With all the redundancy we have in place, things can still go wrong, so when they do having someone to deal with the problem promptly is important.
To ensure that any problems are dealt with as quickly as possible, we've implemented an extensive monitoring system. Every 2 minutes we test every port on every service (eg IMAP, POP, SMTP, Web, etc) on every server to see that it's responding as expected. Also every 2 minutes we test key parts of the computers hardware and operating system to see that the value are within acceptable limits. Additionally every 10 minutes we have a script that tests a significant portion of the web interface (login, send email, read email, external pop download, etc) for every backend server. If any of these tests fail, then 2 standby engineers are paged to look into the problem.
All these tests ensure that even in the case of a problem, it will be dealt with promptly.
Also while there are any problems, we aim to keep users up to date with what exactly is happening on our status blog at http://status.fastmail.fm.
Our main servers are located at NYI in New York City, USA. Their facility is a high security, video monitored location; with backup power, airconditioning, and fire systems and 24x7x365 monitoring and onsite technical support.
NYI use high quality Cisco switches for all networking, including completely separate switches for a secure internal network between all our servers.
NYI have one of the most reliable network infrastructures in the industry, with multiple internet backbone providers, carried by different telecommunication carriers for added redundancy including a 100% uptime guarantee for external connectivity to their network.
You can see a layout of our cabinets if you're really interested.
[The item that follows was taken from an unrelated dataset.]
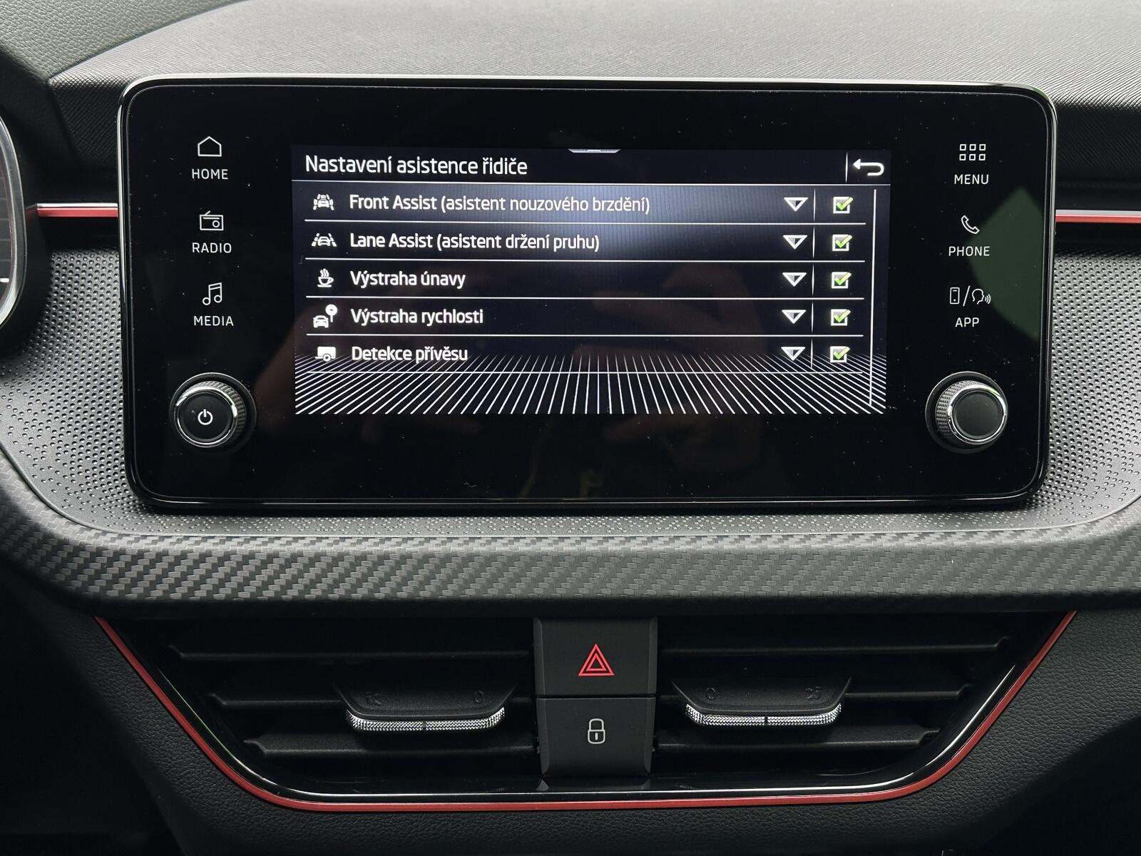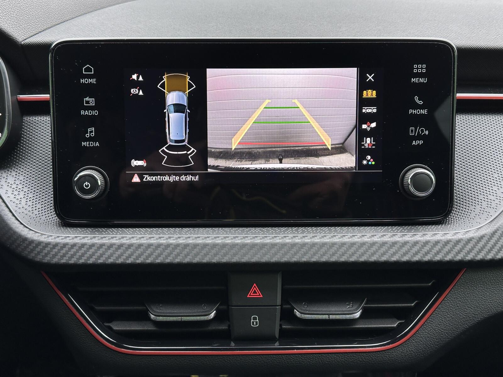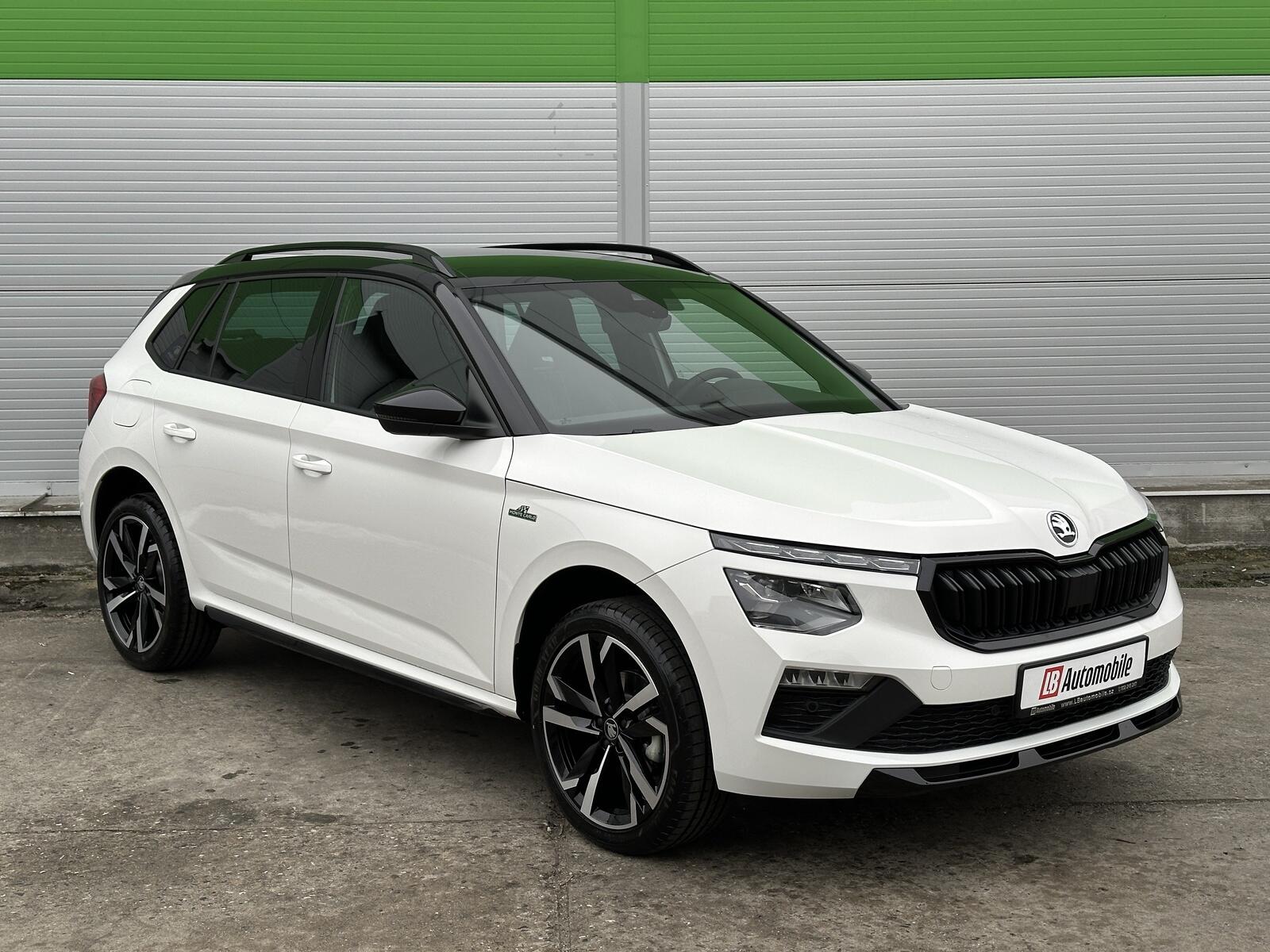 371/11056 Škoda Kamiq Monte Carlo 1.0TSi 85kW/116PS, 7.st Automatická převodovka, Tovární záruka Škoda Auto 5let/100.000km, Výbava vozu: Tažné zařízení sklopné - el. odjistitelné, Vyhřívané čelní sklo, Dvojitá podlaha v zavazadlovém prostoru, Ocelové rezervní kolo, Kola z lehkých slitin ALU Škoda URSA 7Jx18 Černá/Leštěná, Panoramatická střecha, Parkovací kamera vzadu, Parkovací senzory vpředu a vzadu - PDC P/Z, Asistent udržování v jízdním pruhu - Lane Assist, Asistent varování a brzdění při hrozící kolizi s vozidly, chodci a cyklisty - Front Assist, Asistent rozpoznání únavy řidiče, Asistent rozjezdu do kopce, Rozpoznávání dopravních značek, Systém Start/Stop, Volba jízdního režimu, Bezklíčové odemykání a startování - KESSY, Tempomat s omezovačem rychlosti, Vyhřívaný multifunkční kožený volant pro DSG s pádly pod volantem - výškově a podélně nastavitelný, Kožená hlavice řadicí páky a madlo ruční brzdy, Sportovní přední sedadla, Bederní opěrky na předních sedadlech, Výškově nastavitelné sedadlo řidiče a spolujezdce, Dvouzónová automatická klimatizace - Climatronic, Vyhřívaná přední sedadla s oddělenou regulací, Loketní opěrka s Jumbo Boxem, Zadní loketní opěrka, Sportovní interiér Monte Carlo s černou stropnicí, Potah sedadel – látka, Vnitřní zpětné zrcátko s automatickým stmíváním, Elektrické ovládání oken vpředu i vzadu, Zatmavená zadní okna - Sunset, Vnější zpětná zrcátka elektricky sklopná, nastavitelná a vyhřívaná, Virtuální Cockpit, Infotainment Media 8, Bezdrátový Smartlink, Bluetooth, DAB, 8x Reproduktor, Bezdrátové nabíjení telefonu, 2x USB-C a 12V zásuvka předu i vzadu, Ambientní LED osvětlení interiéru, Matrix-LED přední světlomety, Mlhové světlomety, LED zadní světla s animovanými ukazateli směru jízdy, Senzor světla a deště, Kontrola tlaku v pneumatikách, Sportovní kryty pedálů, Dekorativní prahové lišty, Černě lakované doplňky karoserie, 3x Isofix a Top Tether, ABS, ESP, 6x Airbag, Deaktivace airbagu spolujezdce, Centrální zamykání s dálkovým ovládáním, Alarm, Nouzové volání SOS - eCall, Zatížení nebržděného tažného zařízení - 610kg, Zatížení bržděného tažného zařízení - 1200kg, Nový vůz s registrací 25. 11. 2025. Servisní kniha + dokumentace Škoda Auto, Možnost odpočtu DPH 21%, Termín odběru a předání od 21. 05. 2026.

Reliability also comes from having people that care about making their systems reliable. We believe in a pro-active culture of solving problems for the long term. If there are ever problems affecting users, then we ensure that we fix the specific problem as quickly as possible in the short term, but also consider why the problem actually occured, and think about the long term and how we can stop it, and or any similar problems occuring in the future.